ERA-NET Cofund action on biodiversity and climate change: Impacts, feedbacks, and nature-based solutions for climate change adaptation and mitigation
The Cofund action should examine: the impact of climate change on all levels of biodiversity, ecosystem functioning and ecosystem services; feedback processes; the potential of nature-based solutions for enhancing climate change adaptation, mitigation, including negative emissions; and synergies and trade-offs between different policies, including those on biodiversity, climate action and air quality. The action should capitalize on major strands of knowledge and on the results of relevant projects funded under past EU Framework Programmes. The Cofund action will target all types of terrestrial, freshwater and marine environments, which may also include the impact of climate change on biodiversity and ecosystem functioning and services in agricultural areas and taking agricultural and forestry policies into account.
The Cofund action should be implemented through close cooperation between the Member States and Associated Countries grouped around the BiodivERsA network and in collaboration with the FACCE JPI. The Cofund action should envisage clustering activities with other relevant selected projects for cross-projects co-operation, consultations and joint activities on cross-cutting issues and share of results as well as participating in joint meetings and communication events. To this end, proposals should foresee a dedicated work package and/or task, and earmark the appropriate resources accordingly. The Cofund action should also take into account data and information from the Copernicus programme, as the European Union's Earth Observation Programme.
Proposals should pool the necessary financial resources from the participating national (or regional) research programmes with a view to implementing a joint call for proposals resulting in grants to third parties with EU co-funding in this area. Proposers are requested to include at least one additional joint call without EU co-funding as well as other activities such as the establishment or consolidation of a pan-European network of funding agencies and other key players in Europe, building on previous experience and avoiding overlaps with existing initiatives, support to mutual learning and training, exchange of good practice, researcher mobility and equal opportunities (e.g. through EURAXESS) and better careers in the field. Wherever relevant, actions should involve social sciences and humanities.
Participation of legal entities from third countries, and/or regions including those not automatically eligible for funding in accordance with General Annex A, is encouraged in the joint call as well as in other joint activities including additional joint calls without EU co-funding. Participants from countries not listed in General Annex A are eligible for EU funding under this topic and may request a Union contribution (on the basis of the ERA-NET unit cost) only for the coordination costs of additional activities.

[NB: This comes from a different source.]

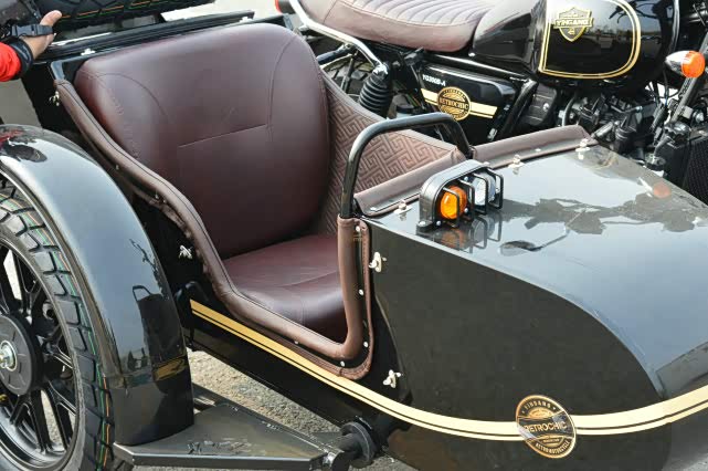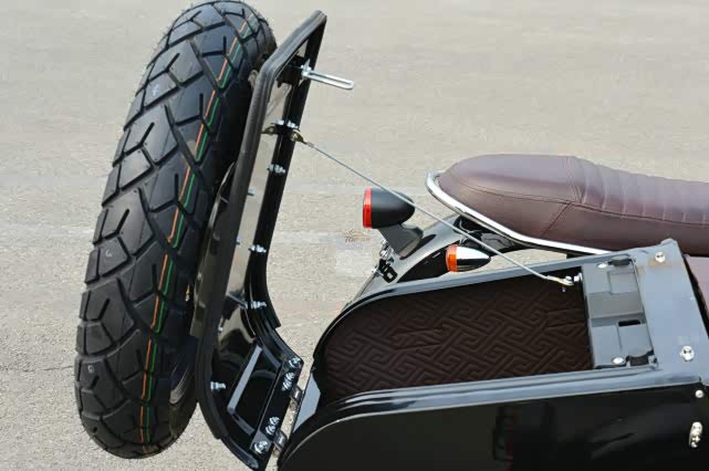 短尾在边三轮上同样适用,咖啡色的皮革坐垫颇有档次,厂家也贴心的设计了后座扶手,不过对于边三轮而言,后座其实是次要的,边斗才是最舒服的。

The proposal should demonstrate that these co-funded other activities exclude any overlaps with related on-going actions co-funded by the EU under Horizon 2020.
The Commission considers that proposals requesting a contribution from the EU in the range of EUR 5 million would allow this specific challenge to be addressed appropriately. Nonetheless, this does not preclude submission and selection of proposals requesting other amounts.
Climate change is predicted to pose the greatest long-term threat to biodiversity in many regions. It is affecting the habitats of many species, which must either adapt or migrate to areas with more favourable conditions. Biodiversity changes can have knock-on effects upon a range of ecosystem functions and services, including food and biomass production and capacity to mitigate and adapt to climate change. Feedback processes may amplify or diminish the effect of climate forcing, and so play an important part in determining the climate sensitivity to human activities and the future climate state.
Addressing the impact of climate change requires the mobilisation of all relevant actors: academia, research institutes, public authorities at various levels, manufacturing industry and business at large, finance and insurance, non-governmental organisations and civil society. A properly aligned European Research Area, which is also open to the world, can make an essential difference in enabling a transformative, climate-resilient sustainability agenda to take shape. The alignment of research and innovation agendas is therefore crucial in bringing about the necessary transformations.
The project results are expected to contribute to:
- effective trans-national, pan-European research networking and synergies among national/regional and EU research programmes in the areas addressed;
- improved evidence-based policy through the interdisciplinary and trans-disciplinary science-policy interface and links with international efforts and fora on the areas addressed;
- underpinning the EU Nature Directives, EU Water and Marine Strategy Framework Directive, EU Biodiversity Strategy, 7th Environment Action Programme, and the EU Strategy on adaptation to climate change;
- informing major international scientific assessments such as the Intergovernmental science-policy Platform on Biodiversity and Ecosystem Services (IPBES) and the Intergovernmental Panel on Climate Change (IPCC) reports and contributing to the goals of the Paris Agreement;
- the protection, restoration and enhancement of natural capital in line with the work of the Convention on Biological Diversity (CBD), the IPBES, the IPCC and further relevant global processes and organisations.